• **WORK REQUEST**: Do not copy the pictures. Write out the lines from the start of the entries through the line containing "6月25日起,《習近平的文化".

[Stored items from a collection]
......

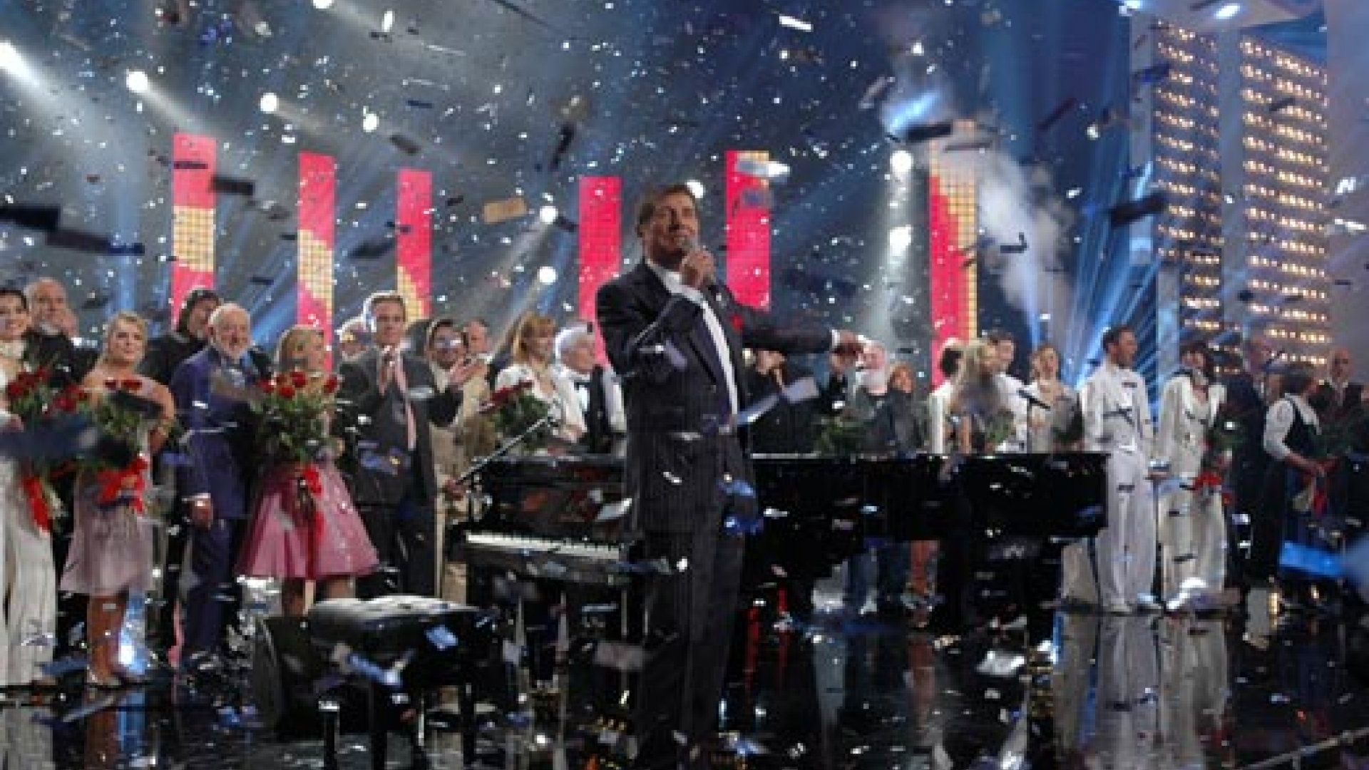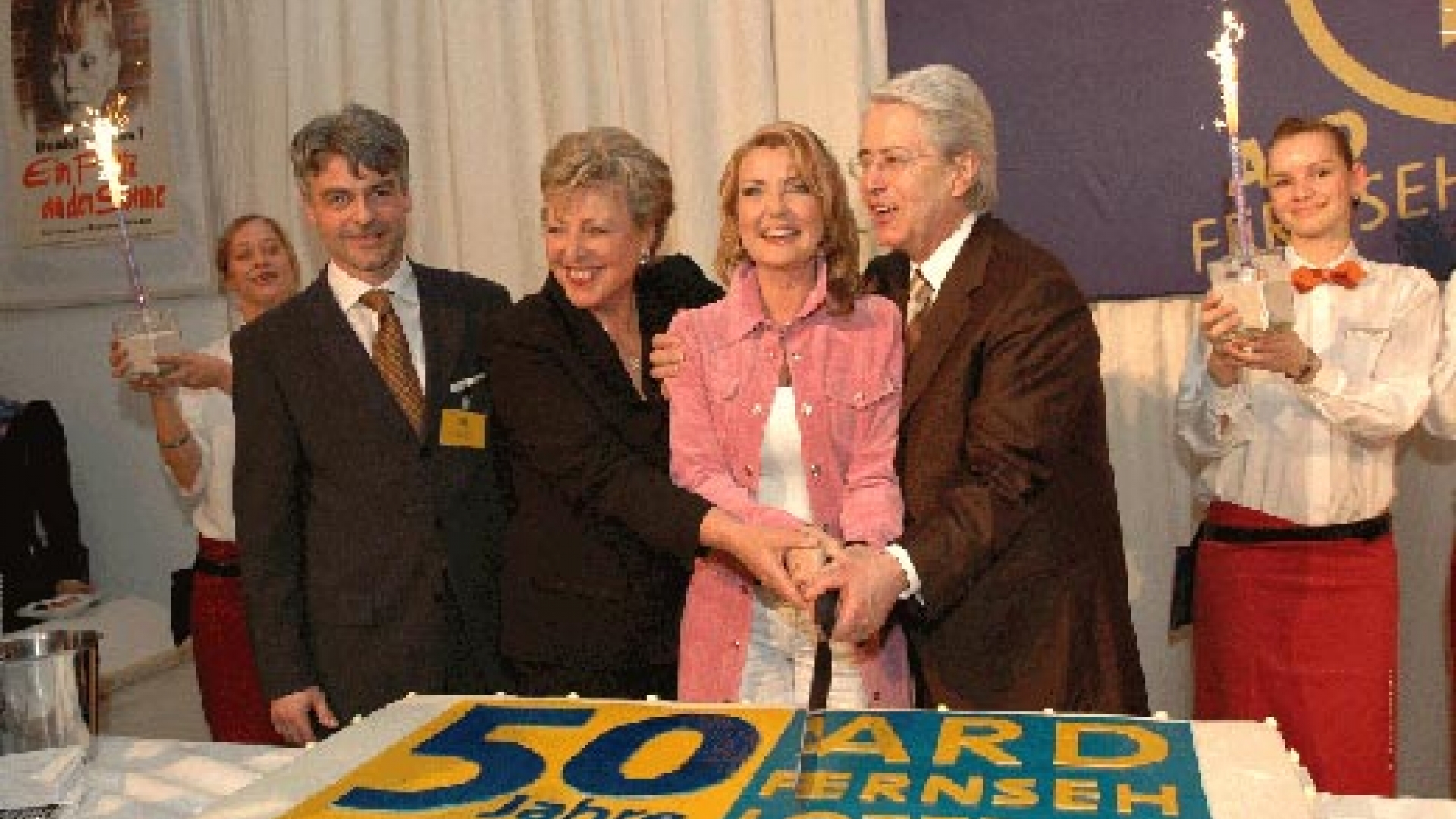 Nach der Show im Hotel "Estrel": Das Anschneiden der großen 50-Jahre-Geburtstagstorte, v.r.n.l. Frank Elstner, Jane Comerford, Marie-Luise Marjan und Christian Kipper, Geschäftsführer der ARD-Fernsehlotterie. Bei der Party im "Estrel" vergnügten sich über 600 geladene Promis und Gäste der ARD-Fernsehlotterie.
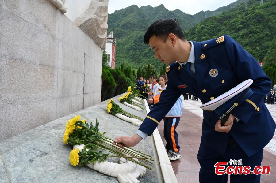 People lay flowers to mourn for the victims of the earthquake during a memorial ceremony marking the 15th anniversary of the Wenchuan Earthquake at the ruined site of Xuankou Middle School in Yingxiu Township of Wenchuan County, southwest China's Sichuan Province, May 12, 2023. (Photo: China News Service/An Yuan)
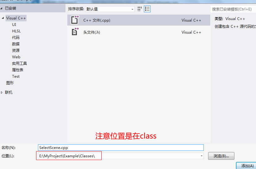 另外当初我还碰到一个怪事,就是位置这里不能更改,是灰色锁死的。于是我就只能在proj.win32中建立然后手动复制过去。 如果有人遇到这种情况可以这样处理:首先copy一下HelloWorldScene.cpp和.h,改个名字,然后在VS中右键class->添加->现有项,在弹出窗口中选择新复制的文件,这样成功导入VS,然后在VS里再改动。
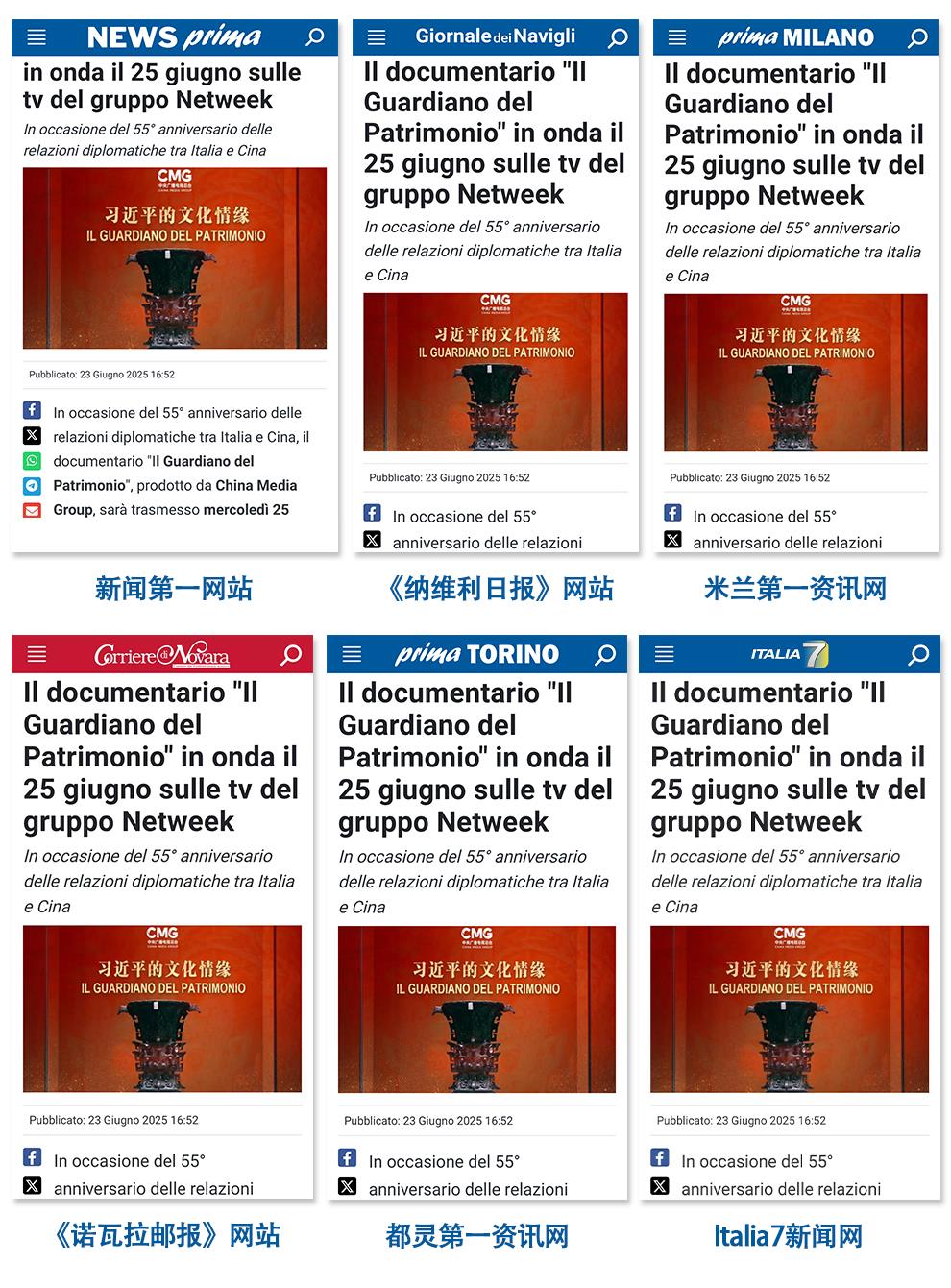 6月25日起,《習近平的文化情緣》在意大利阿爾瑪電視臺、多納電視臺、旅游電視臺、拉齊奧電視臺、倫巴第城市電視臺、羅馬科羅納廣播電視臺、米蘭帕維亞電視臺,《米蘭財經(jīng)報》網(wǎng)站等30多家意主流媒體平臺陸續(xù)上線播出。
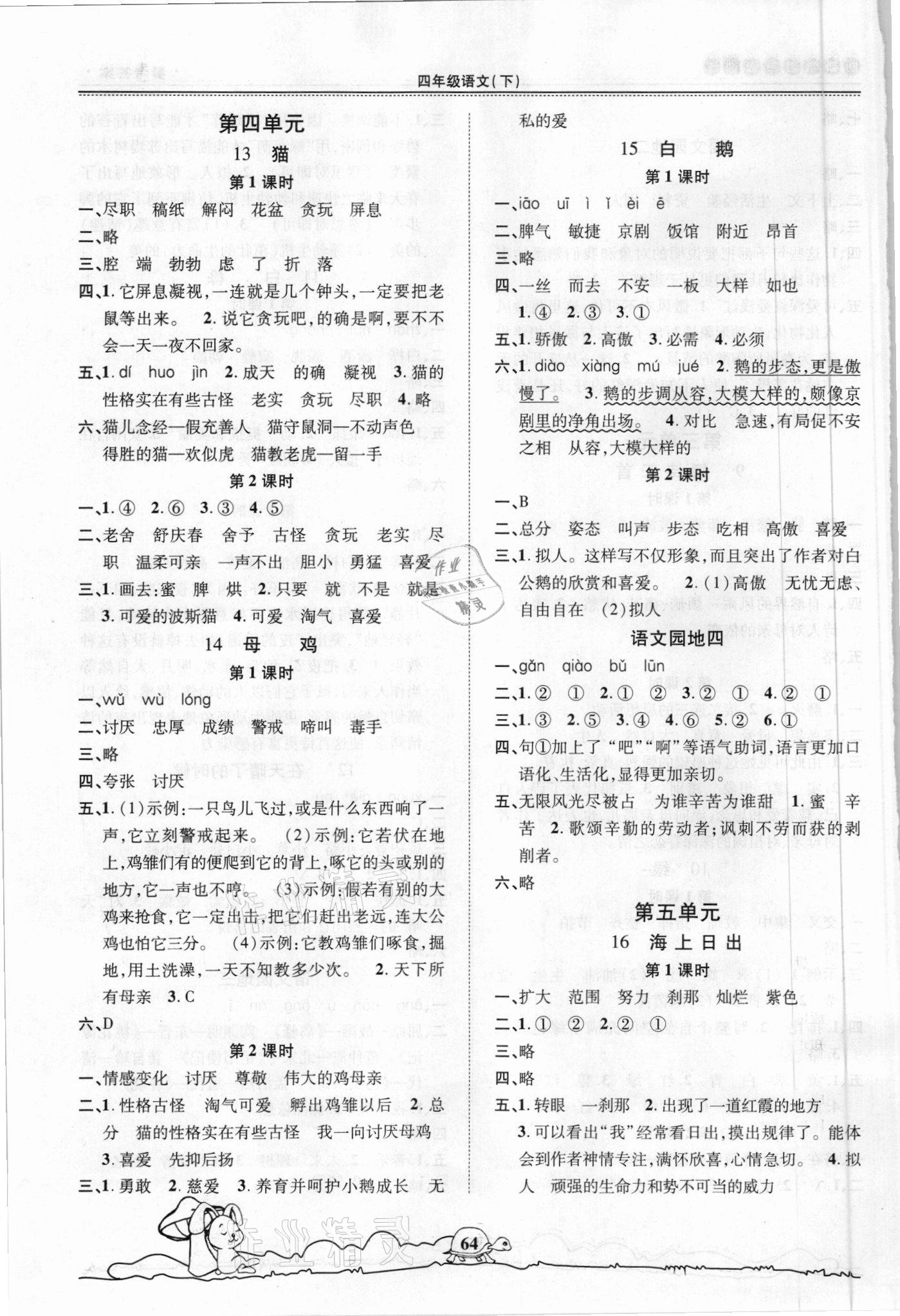 注:目前有些书本章节名称可能整理的还不是很完善,但都是按照顺序排列的,请同学们按照顺序仔细查找。练习册 2021年创新学习三级训练四年级语文下册通用版 答案主要是用来给同学们做完题方便对答案用的,请勿直接抄袭。
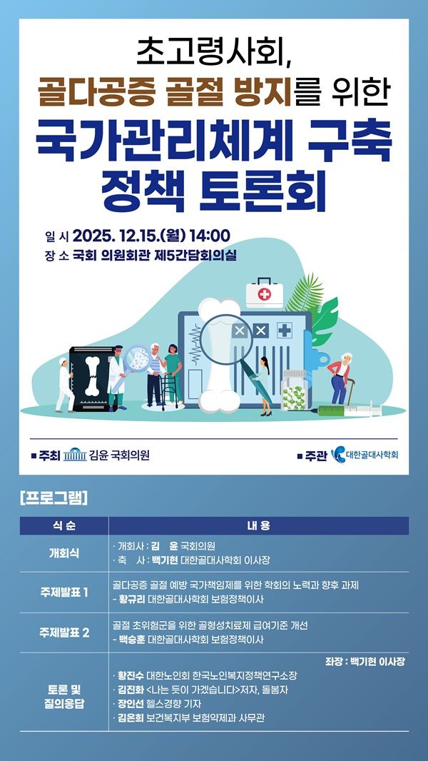 대한골대사학회는 15일 국회 보건복지위원회 소속 김윤 의원(더불어민주당)과 함께 ‘골다공증 골절 방지를 위한 국가관리체계 구축’을 주제로 정책토론회를 개최한다고 밝혔다.
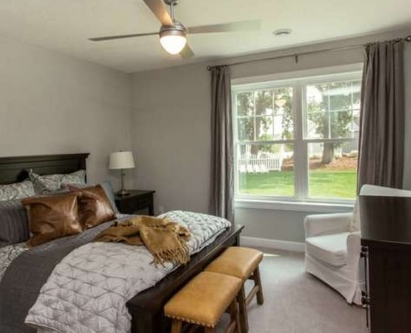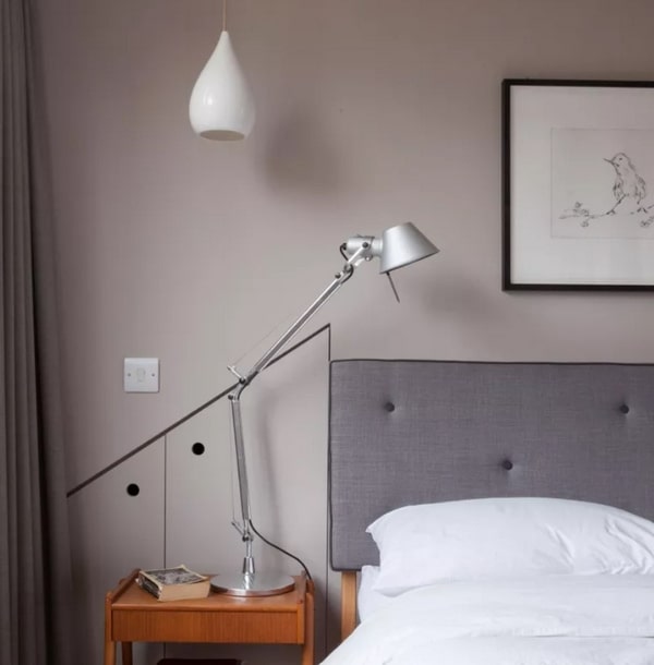 همانطور که در این اتاق خواب خاکستریرنگ نشانداده شده، همیشه مطمئن شوید که یک نور جهت مطالعه و یک منبع نور محیطی در فضای اتاق فراهم شده است.
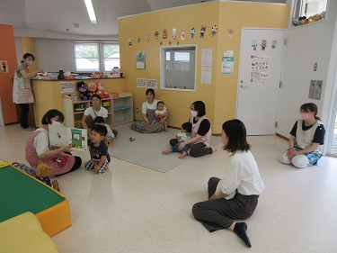 | ・9月の「出前おはなし会」では、楽しい手遊びや絵本の読み聞かせを多くの親子が楽しみました!優しい読み聞かせボランティアの方が、子どもたちに合わせて様々なお話を読んでくれます。 | ||
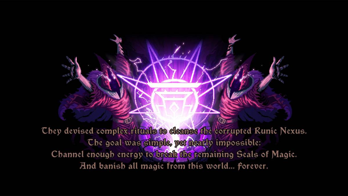 Per quanto la trama sia priva di personaggi veri, e per quanto non riesca a dare ulteriori spunti di lore, l’ambientazione e il contesto post-apocalittico/post-magico di The Last Spell creano grazie a grafica e musiche un’atmosfera dinamica e tensiva, ora con le tonalità prevalentemente scure della pixel art tagliate da dettagli di un viola violento, ora con le plettrate in palm mute e accordature basse delle chitarre in sottofondo.
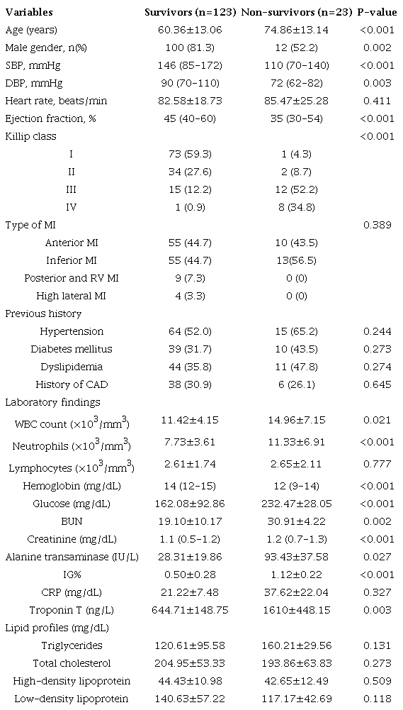 A total of 146 patients who met the inclusion criteria were included in the study. Of these patients, 112 (76.7%) were men and 34 (33.3) were women. The mean age of the patients was 62.65±14.06 years. Mean ejection fraction (EF) was 44% (30-52%), mean systolic blood pressure (SBP) was 140 (80-160), and mean diastolic blood pressure (DBP) was 85 (60-95). Seventy-four (50.7) patients met the class I criteria according to the Killip classification. The most common myocardial infarction (MI) types were inferior (46.6%) and anterior (44.5%) MI in decreasing order of frequency. Hypertension, dyslipidaemia and diabetes were the most common risk factors. The mean WBC count was 11.98±4.89. The mean CRP and IG values were 35.16±18.75 and 0.61±0.51, respectively. Table 1 presents the baseline clinical characteristics of patients with STEMI. When patients were divided into groups according to in-hospital mortality, 123 (84.2%) were in the survivor group and 23 (15.8%) were in the non-survivor group. The mean age of patients was found to be significantly higher in the non-survivor group (74.86±13.14 vs. 60.36±13.06, P<0.001). The number of male patients was significantly higher in the survivor group (P=0.002). Mean SBP, DBP, heart rate (HR) values and the percentage of patients in Killip class I were significantly higher in the survivor group compared to the non-survivor group (P<0.05 for all markers). Mean WBC, neutrophils, glucose, blood urea nitrogen (BUN), creatinine, alanine transaminase (ALT) and troponin levels were significantly higher but the mean haemoglobin levels were significantly lower in non-survivors compared to survivors (P<0.05 for all markers). Mean IG counts were significantly higher in non-survivors compared to survivors (1.12±0.22 vs. 0.50±0.28, P<0.001). The comparison of demographic data and laboratory values between groups are presented in Table 1.
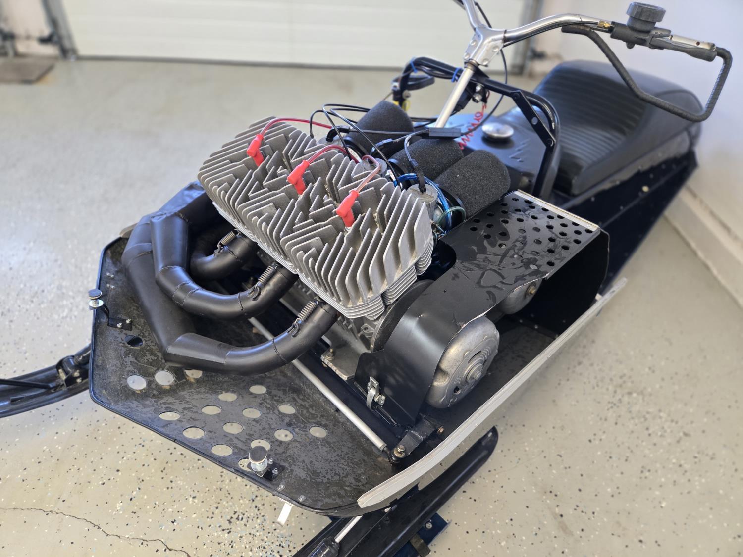 Polaris engine, big cylinder 650 / wide angle heads, possibly one of 20 PDC’s ( profession drivers circuit ) built by the Polaris racing team prior to the 1974’ season , bull session back in 11/22/2013 on Vintage sleds regarding its history , always stored in a climate-controlled garage, purchased several years ago off Vintage sleds in the state of Michigan

......

• **ANSWER SPACE**:
 Nach der Show im Hotel "Estrel": Das Anschneiden der großen 50-Jahre-Geburtstagstorte, v.r.n.l. Frank Elstner, Jane Comerford, Marie-Luise Marjan und Christian Kipper, Geschäftsführer der ARD-Fernsehlotterie. Bei der Party im "Estrel" vergnügten sich über 600 geladene Promis und Gäste der ARD-Fernsehlotterie.
 People lay flowers to mourn for the victims of the earthquake during a memorial ceremony marking the 15th anniversary of the Wenchuan Earthquake at the ruined site of Xuankou Middle School in Yingxiu Township of Wenchuan County, southwest China's Sichuan Province, May 12, 2023. (Photo: China News Service/An Yuan)
 另外当初我还碰到一个怪事,就是位置这里不能更改,是灰色锁死的。于是我就只能在proj.win32中建立然后手动复制过去。 如果有人遇到这种情况可以这样处理:首先copy一下HelloWorldScene.cpp和.h,改个名字,然后在VS中右键class->添加->现有项,在弹出窗口中选择新复制的文件,这样成功导入VS,然后在VS里再改动。
 6月25日起,《習近平的文化情緣》在意大利阿爾瑪電視臺、多納電視臺、旅游電視臺、拉齊奧電視臺、倫巴第城市電視臺、羅馬科羅納廣播電視臺、米蘭帕維亞電視臺,《米蘭財經(jīng)報》網(wǎng)站等30多家意主流媒體平臺陸續(xù)上線播出。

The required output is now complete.